Crickets are skilled escape artists; it is important that your cricket house securely contains the insects. With plastic or wooden cages, a tight-fitting lid is mandatory. As crickets are unable to climb glass, lids are not required when using aquariums, but they are still a good idea if you have other pets. Plastics vary in their texture, and crickets will be able to climb some tote boxes, but not others. Though they must be secure, be sure that ventilation is not compromised. The best solution is to cut several large holes in the lid or sides of the cricket box, and cover them with finely meshed window screen.

Easy to Clean

You must keep your cricket house clean to prevent pathogens or parasites from building up and killing your crickets. Always clean the cricket house with a pet safe disinfectant before you add new crickets.
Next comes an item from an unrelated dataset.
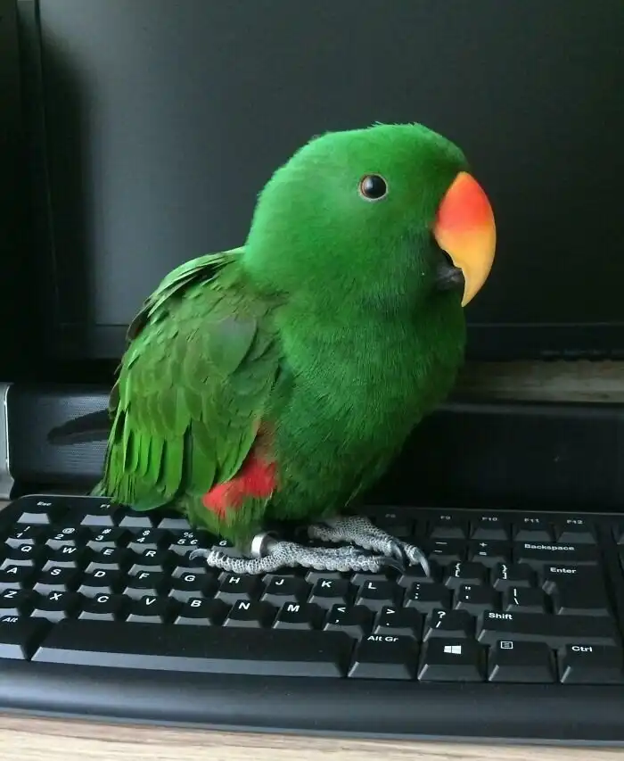 "Мой попугай наклонился вот так, и что-то шептал минут 5. Только потому, что я не разрешил ему грызть мой чехол"

Crickets are very susceptible to chemical fumes and residues, so make sure you rinse your cricket house thoroughly before adding the crickets. If it is not possible to use water -- such as with wooden cages -- let the cage air out until you are sure that any fumes have dissipated.

Suitably Warm

The optimal temperature for cricket maintenance varies based on their size; smaller crickets require warmer temperatures than adults do. Very small crickets -- called pinheads -- thrive at a temperature range of 85 to 90 degrees Fahrenheit. As they grow, their optimal temperature drops slightly, culminating with adults that thrive between 75 and 80 degrees Fahrenheit. If you are keeping multiple stages of crickets in the same area, it is best to provide them with a temperature of 80 degrees Fahrenheit. The ideal way to heat a cricket house is to keep it in a heated room. If that is not possible, heat tape or heating pads designed for reptile cages are the best option. Be sure to always check the surface and ambient temperatures of the cricket house and keep fire safety in mind. Wooden cricket houses will retain heat much more effectively than plastic totes, storage boxes or glass aquariums will.